### Data items
>>>>>

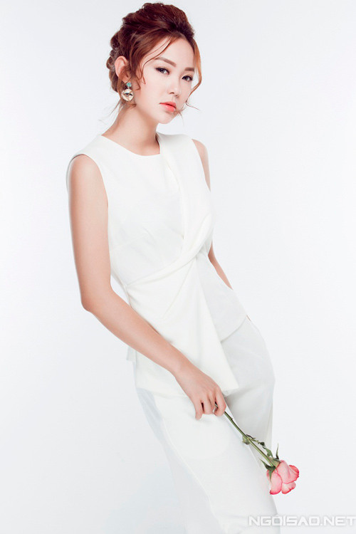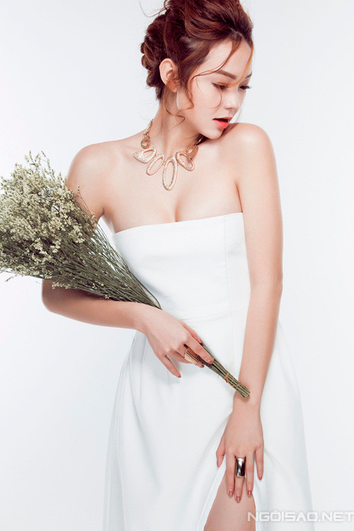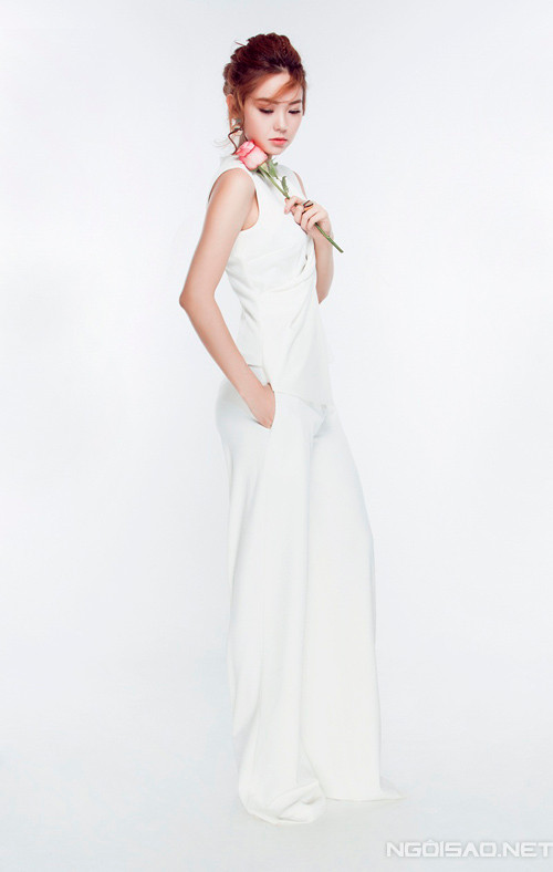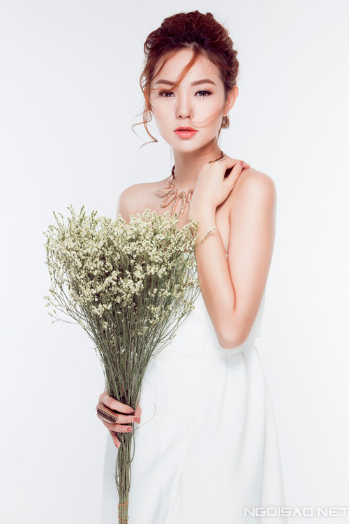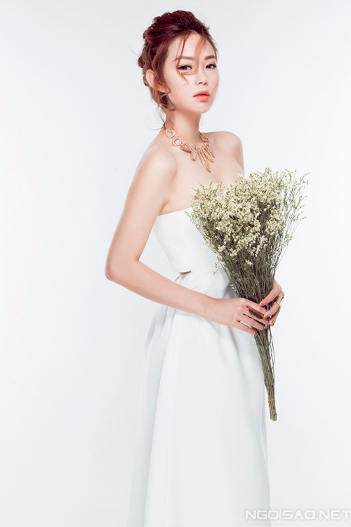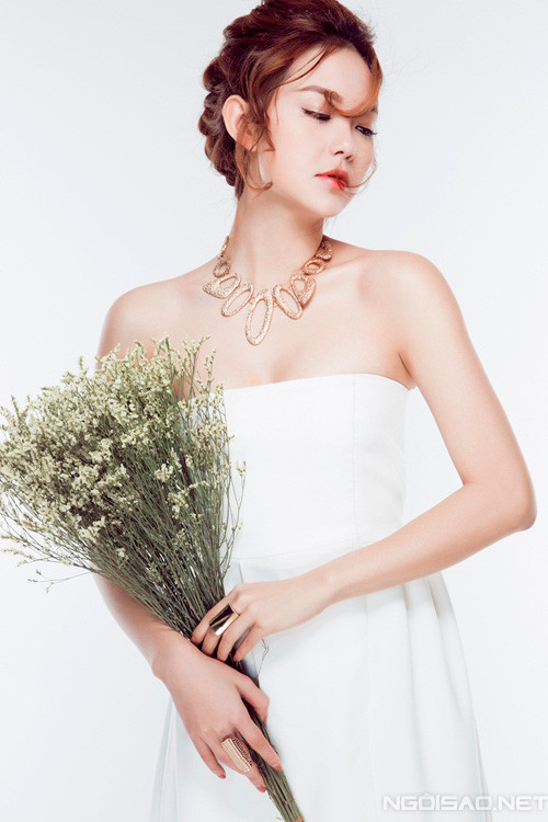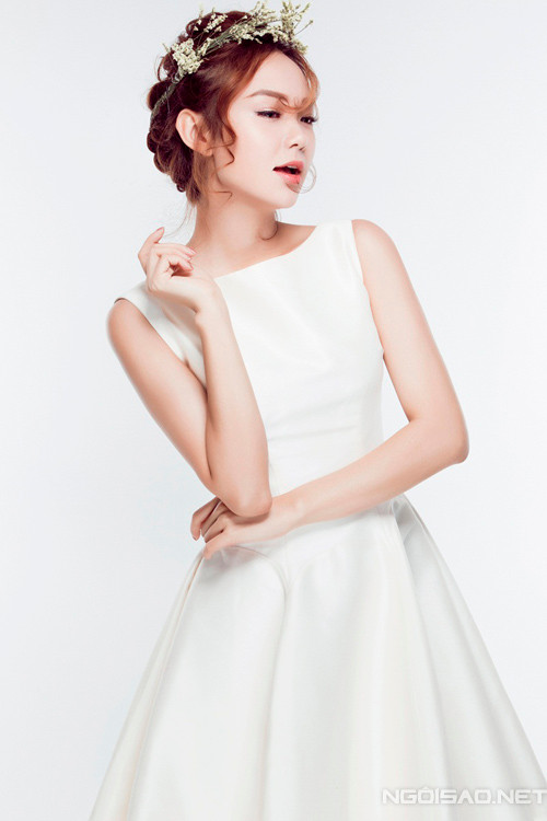 Minh Hằng vừa thực hiện bộ ảnh mới với những thiết kế trắng tinh khôi, trông cô đẹp dịu dàng và mong manh.
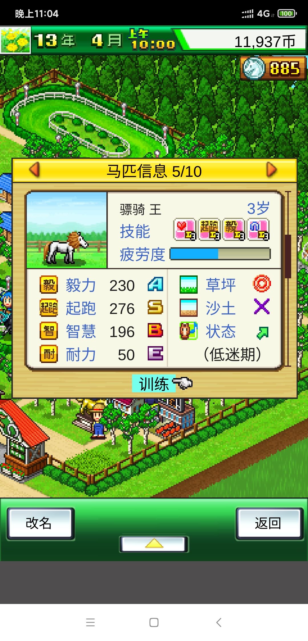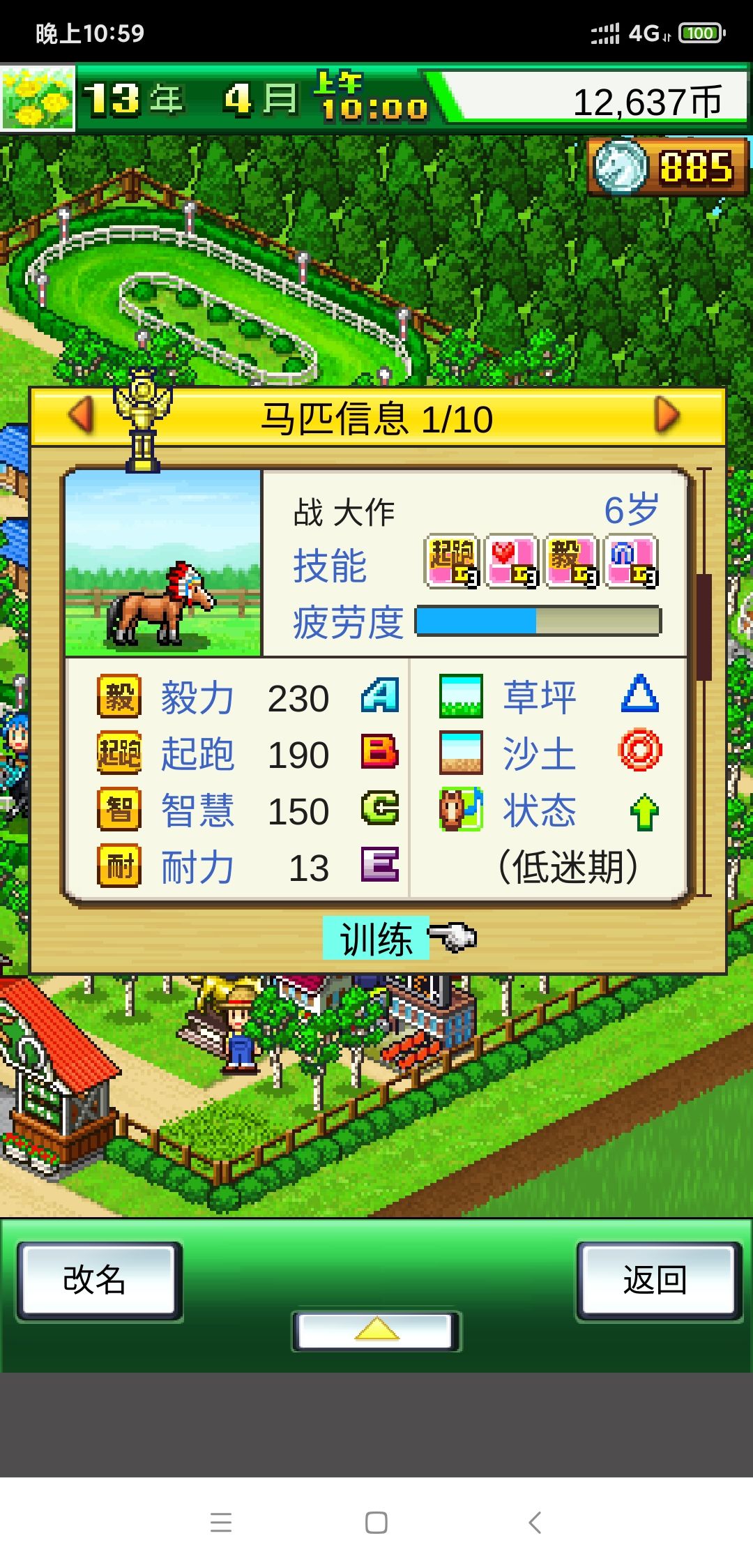 忘记开罗军是沙土跑道了GG,然后手头上就只有一个一代战斧属性最高了,没用道具就是属性养满然后状态拉满到上升跑道劲量靠里,我是2道赢的,1道应该更稳。
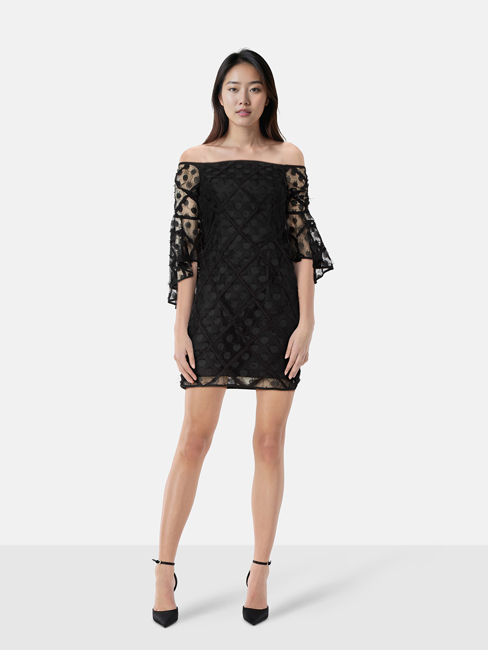 Alice + Olivia Burgundy Bell Sleeve Shift Dre...
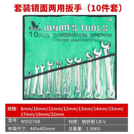 Wynns Wrench Plum Blossom Открытый двойной зеркальный ключ двойного назначения Хром-ванадиевая сталь Автоматический ремонтный станок 8 ~ 22 мм Набор из 10 предметов
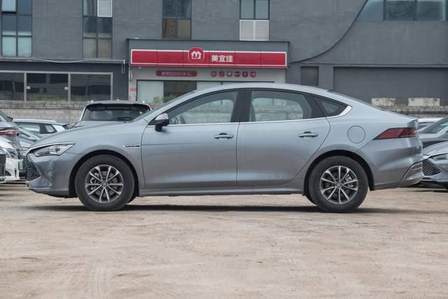 来到秦PLUS DM-i的车身侧面位置,可以发现整车拥有着相当修长的轮廓,悬浮式车顶强化了运动性,侧窗边缘位置有着银色铬条包裹,cd柱间还有着四边形的侧窗组合,上腰线贯穿前后车身,车门板下方位置也有着自然的凹痕,前后翼子板间留出大面积的空间,多辐式铝合金轮毂造型精致,规格则达到了225/60 R16。
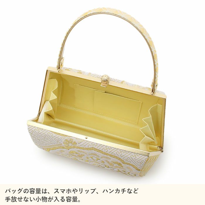 ※実際の商品と同じ色合いに画像修正をしておりますが、環境やモニターの違いにより多少色の違いが出て来ることがあります、ご了承ください。 ※帯地を使用した商品は、商品の性質上どうしても糸のほつれが発生してしまいます。商品不良ではございませんので予めご了承くださいませ。 ※製造するうえで十分に注意しておりますが、どうしても傷や汚れ、染料飛びや染料欠けなどができる場合がございます。また、金具部分は金属の性質上、変色やくすみ、傷や汚れなどがある場合がございます。予めご了承のうえ、お買い求めください。
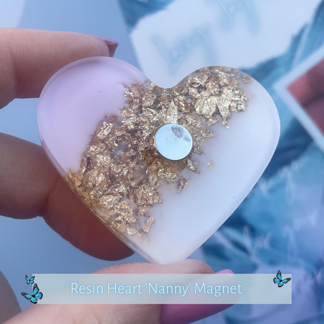 Brighten up your fridge and bring a touch of elegance to your home with our Handmade Resin Heart Magnet featuring the word 'Nan'. This beautifully crafted magnet is a perfect gift for your beloved nan, combining functionality with a charming aesthetic.
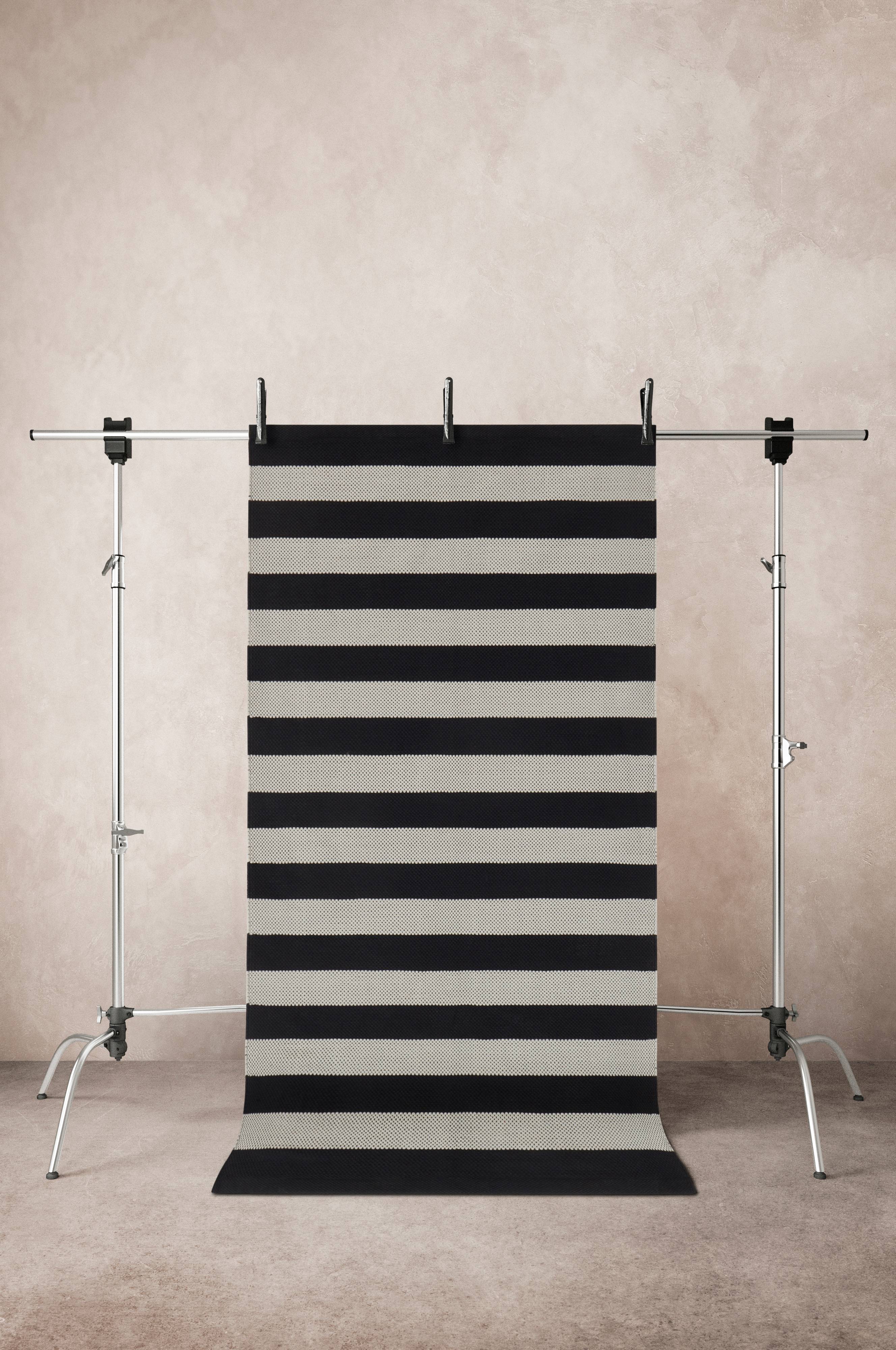 Vloerkleed van gerecycled polyester met garenkleurige blokstrepen. Dit is een comfortabele kwaliteit die aanvoelt en eruitziet als katoen, maar gemaakt is van gerecycled polyester. Een heerlijk vloerkleed dat je zowel binnen als buiten kunt gebruiken.
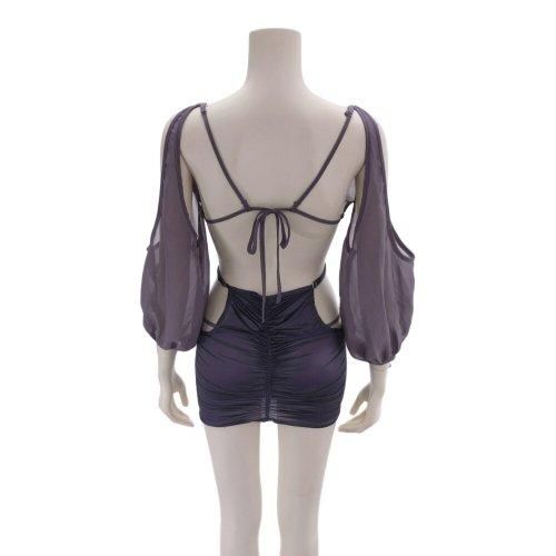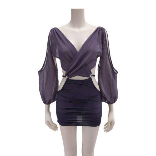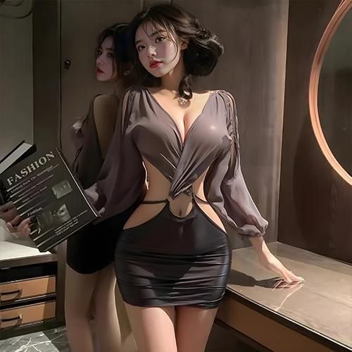 胸元もバックも大胆オープンのOL風コスプレ(COSPLAY)。透け感のある生地に、Vカットの胸元、腰まわりのカットなど、ドキドキポイントが満載。さらにバックスタイルは大きく開いた背中とピタピタのヒップラインに大興奮でお仕事に手が付かない♪全身どこから見てもセクシーなボディコンOLさんに変身しちゃおう。
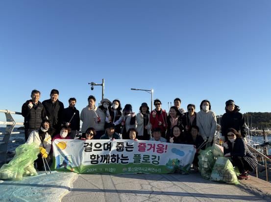 [ 중앙뉴스미디어 ] 울산교육연수원은 지난 11일 북구 정자동 일대에서 ‘걸으며 줍는 즐거움! 함께하는 쓰담 달리기(플로깅)’를 주제로 환경 정화 활동을 했다.
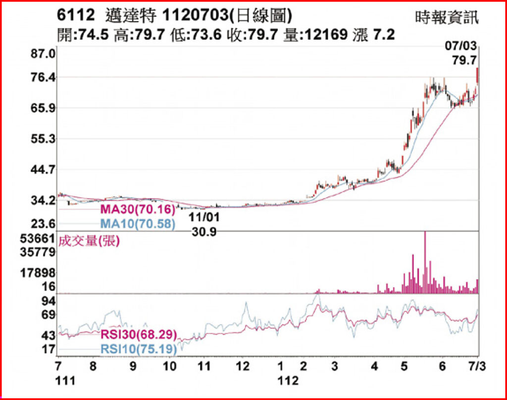 邁達特(6112)3日開盤不久後,隨即攻漲停鎖死,以79.7元作收,拉出一根長紅K線,股價站上周線、季線及月線。單日成交量為1.2萬張,較前一交易日放大逾一倍。三大法人3日合計買超1,174張。
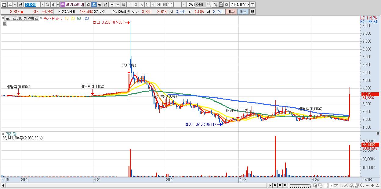 2.포커스에이치엔에스 3,615원 ▲ 64.32% (KOSDAQ, 331380)
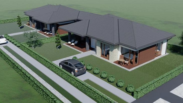 Amerikai konyhás nappali + étkező, 3 szoba, háztartási helyiség, fürdő+wc, előszoba, 2 db fedett terasz, nyárikonyha.
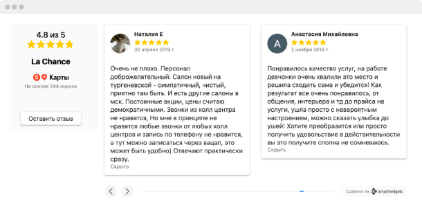 Плагин отзывов с Яндекс.Маркета от SmartWidgets — это способ рассказать о себе словами клиентов. Честными, живыми, настоящими.
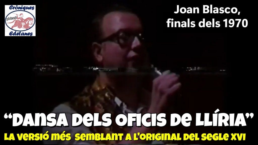 Gràcies a l’estimat amic (i formidable dolçainer) Ferran Navarro Jr., hem recuperat aquesta versió de 1977 de la “Dansa dels Oficis de Llíria”, interpretada pel gran mestre Joan Blasco, amb el tabaleter de l’Eliana Jordi Martínez, i el grup de dansaires de Torrent…
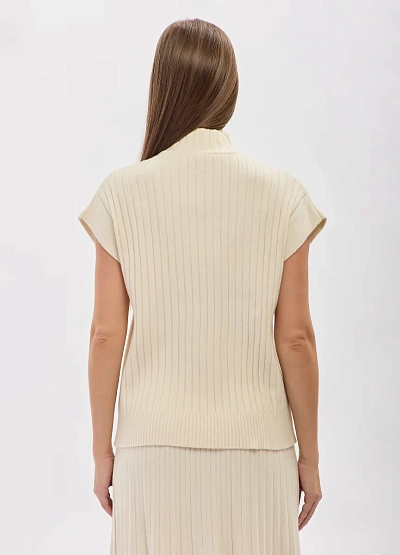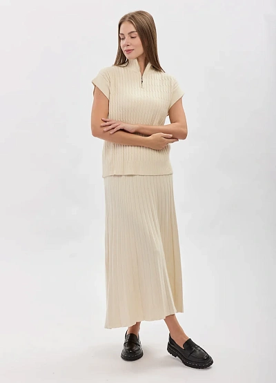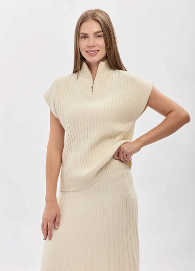 Элегантный трикотажный жилет в молочном оттенке — универсальная модель для утончённых и современных образов. Вертикальная фактурная вязка визуально вытягивает силуэт, а аккуратный воротник-стойка с молнией добавляет образу аккуратный акцент. Свободный крой и отсутствие рукавов делают модель идеальной для многослойных сочетаний в любое время года.
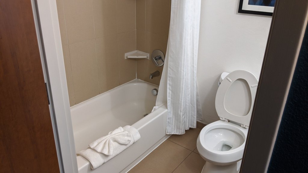 The breakfast was much better than I’ve had at Super 8’s in the past. It offered oatmeal, apples, cold cereal, a few Danish items, toast, and even a waffle machine. No sausage, bacon, or eggs like you might get at the “Fancy” HIX, Fairfield, or Hampton level hotel, but it was fine. I didn’t find any juice or bananas that would make it a bit better for me.
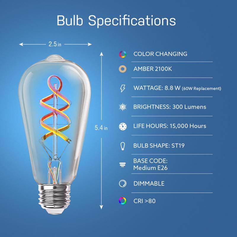 Upgrade your home to smart home technology with the elegant Spiral Filament Edison Style Light Bulb from Feit Electric. Easily turn lights on/off, dim, and set groups, timers, or schedules. Choose energizing daylight or wind down with relaxing soft white light. Get creative with millions of colors. Its all up to you. A stylish tapered design with clear glass and a curved filament instantly livens up the decor of any room. Use it in pendant lights, wall sconces, and uncovered lamps to show off this gorgeous light that looks as good on as it does off. Control lighting with voice commands through a smart assistant like Alexa or Google Home or use the Feit Electric mobile app for control at your fingertips. Set up is simple: bulbs connect directly to your home Wi-Fi using a 2.4GHz network only. Feit Electric Smart series ST2160/RGBW/FIL/AG filament light bulbs have an average rated life of 15,000 hours/13 years, are RoHS compliant, and are 100% mercury free. It has never been easier to customize your homes lighting to suit your lifestyle.
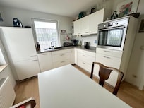 Gut ausgestattete Küche. Gute Sitz- und Schlafmöbel.
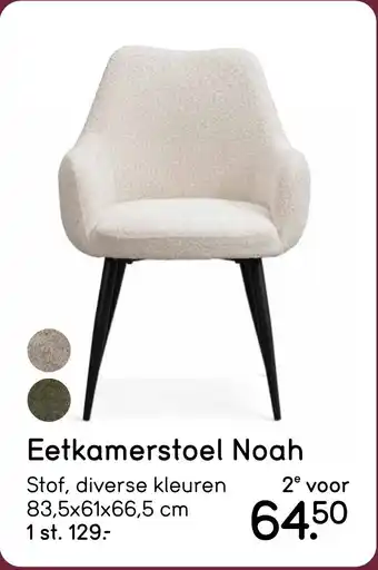 De aanbieding is verkrijgbaar in verschillende winkels, bekijk alle producten om de goedkoopste Eetkamerstoel Noah te krijgen. Als je graag wilt kijken of het artikel met meer korting te koop is in een andere winkel, bekijk de categorie 'Wonen'. Wellicht vind je deze aanbiedingen ook interessant: Noah, Eetkamerstoel Bjorn & Eetkamerstoel • Ida.
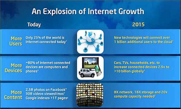 По сути облачные вычисления это результат естественной эволюции информационных технологий, главным положительным моментом от их применения является масштабируемость, в зависимости от потребностей потребителей. Тем не менее, пока не всё безоблачно в области облачных вычислений. Главный вопрос, волнующий потребителей — безопасность информации. Затем в списке идут энергопотребление, отсутствие единых стандартов, высокая стоимость владения и т. д. Корпорация Intel имеет богатый и успешный опыт в построении дата-центров с парадигмой облачных вычислений и решении вопросов, волнующих потребителей, на современном эффективном уровне. Всё это обеспечивается за счет внедрения серверных решений на базе архитектуры Xeon.

<<<<<

### About this task
An exact copy is needed of the stretch above that opens with the line containing "邁達特(6112)3日開盤不" and closes with the line containing "The breakfast was"; the pictures are not part of it.

### Task response
 邁達特(6112)3日開盤不久後,隨即攻漲停鎖死,以79.7元作收,拉出一根長紅K線,股價站上周線、季線及月線。單日成交量為1.2萬張,較前一交易日放大逾一倍。三大法人3日合計買超1,174張。
 2.포커스에이치엔에스 3,615원 ▲ 64.32% (KOSDAQ, 331380)
 Amerikai konyhás nappali + étkező, 3 szoba, háztartási helyiség, fürdő+wc, előszoba, 2 db fedett terasz, nyárikonyha.
 Плагин отзывов с Яндекс.Маркета от SmartWidgets — это способ рассказать о себе словами клиентов. Честными, живыми, настоящими.
 Gràcies a l’estimat amic (i formidable dolçainer) Ferran Navarro Jr., hem recuperat aquesta versió de 1977 de la “Dansa dels Oficis de Llíria”, interpretada pel gran mestre Joan Blasco, amb el tabaleter de l’Eliana Jordi Martínez, i el grup de dansaires de Torrent…
 Элегантный трикотажный жилет в молочном оттенке — универсальная модель для утончённых и современных образов. Вертикальная фактурная вязка визуально вытягивает силуэт, а аккуратный воротник-стойка с молнией добавляет образу аккуратный акцент. Свободный крой и отсутствие рукавов делают модель идеальной для многослойных сочетаний в любое время года.
 The breakfast was much better than I’ve had at Super 8’s in the past. It offered oatmeal, apples, cold cereal, a few Danish items, toast, and even a waffle machine. No sausage, bacon, or eggs like you might get at the “Fancy” HIX, Fairfield, or Hampton level hotel, but it was fine. I didn’t find any juice or bananas that would make it a bit better for me.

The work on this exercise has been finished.